For lawyers this means the loss of self-regulation and a move to external regulation. At which point it becomes harder to justify the range of "normal" professional privileges. And so the step is taken to deregulating the organization of the legal profession, moving from partnerships and enforced solo practice to any kind of business structure.
The simple answer to most of AC's questions is "yes". Legal aid will remain for certain areas of criminal law, children, and some immigration work. Elsewhere it will disappear. Supermarkets won't take over most of this work because they will want more standardized types of work, eg. leases, wills, contracts. The types of work one can place into routinized "diagnostic related groups", as the medical field calls them.
Any investor will cut overheads to increase profits. We can guess how that might happen: see my last post, "Psst, Wanna Buy a Law Firm?" Law firms are already committed to using more paralegals, in both individual and corporate spheres, and boosting that with the more sophisticated uses of technology, especially where this is linked to outsourcing. Remember the cost of common law trained lawyers in India is 10% of the UK. (This article in Lawyer.com confirms the outsourcing trend for lawyers.)
Some of AC's questions apply mainly to the corporate sector. Issues of law firms in other countries trusting UK law firms will, I suspect, prove redundant. It depends who the investor is, but remember the largest law firm for a long time in mainland Europe was FIDAL, wholly owned by KPMG.
And whereas regulators and bar associations in other countries are going to complain mightily about what is happening here, they will eventually join in.
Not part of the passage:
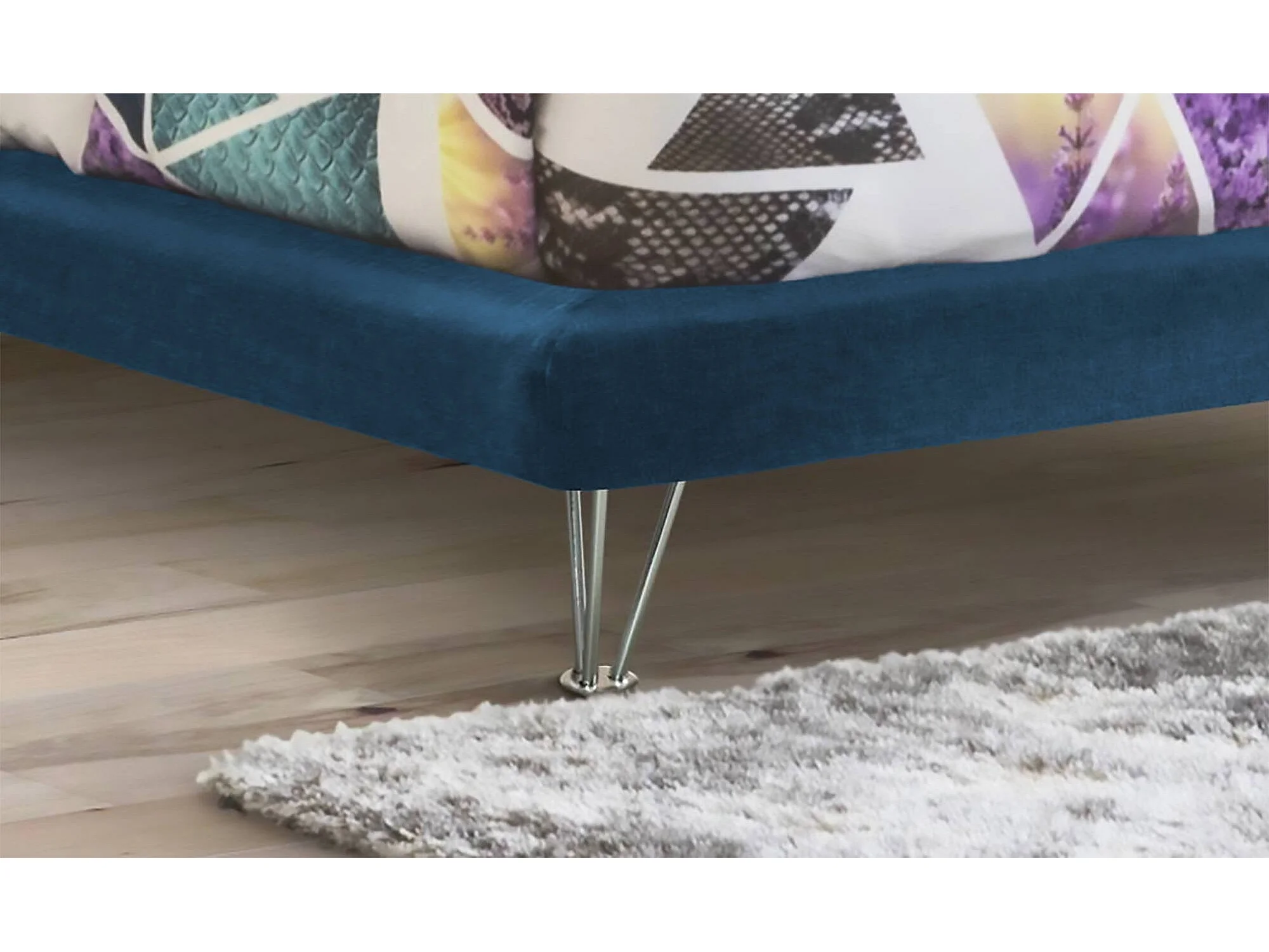 Lit double Dferron, Lit fixe en tissu avec pieds, 100% Made in Italy, adapté pour matelas 160x190 cm, Bleu

The competitive stakes are too high to stay outside. If you need an example, read McKinsey's report on the state of New York City as a financial centre. Parlous is the appropriate descriptor and London is basking in its new found glory.
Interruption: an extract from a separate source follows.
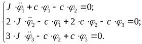 Три маховика с моментами инерции J, 2J и 3J соединены валами, каждый из которых имеет крутильную жесткость c. Определить собственные формы системы.

Finally, AC's most telling point: the concept of justice. Now there is a difficulty. I don't know how that will be maintained in the brave new world of Tesco law, alternative business structures, and consumer interest. I think it will suffer the fate of justice versus legal rationality in early law school. We start with high ideals but then the lure of the City calls and the Sirens always seem so attractive...
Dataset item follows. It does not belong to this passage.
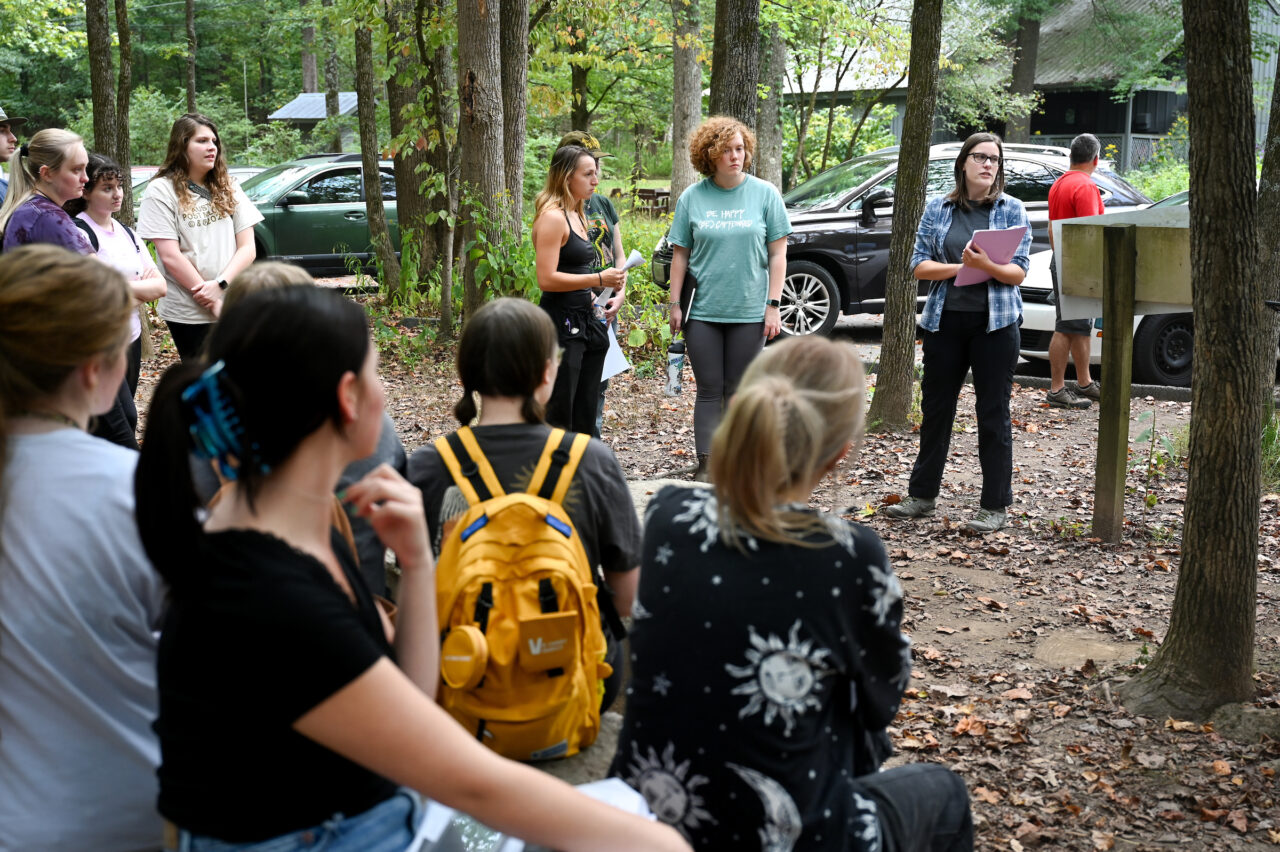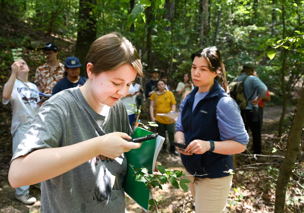 Monica Miles, right, an associate lecturer in the Department of Biology, Geology and Environmental Science, recently brought her Ecology Laboratory 3070 classes to Reflection Riding Arboretum and Nature Center. Photo by Angela Foster.

1. How do you explain the concept of justice to outside investors in Alternative Business Structures who are accountable to their shareholders for the profit they are making/not making. I realize that law firms are run for profit but a great many run in areas which produce very tight profits indeed which presumably outside investors would not be looking to support. Where will this leave legal aid for example when high street solicitors are forced to close? Will supermarkets take on this role?
2. If the outside investor invests in those areas where margins are tight, how will they make money? Cut overheads? What are the overheads? Largely qualified staff. Will this lead to more advice from unqualified staff? Is this in the consumer interest?
3.If this is such a great idea why are we the only country to consider this capitalist investment in the legal sector approach?
4. Will firms in other countries be willing to trust such a legal system? Will there own legal systems allow them to deal with us? International experts think not.
AC's points zero in to some of the major concerns about Tesco Law. But let's clear the air. The reason the government is pushing these reforms/deregulation is because of consumer interest. This lies at the heart of the matter. There have been too many complaints against lawyers, which the professions--solicitors and barristers--have not resolved quickly enough. The result is a huge backlog of complaints for which the legal ombudsman chides the professions each year. Each year the Law Society and Bar Council say their mea culpas and promise to do better, but don't.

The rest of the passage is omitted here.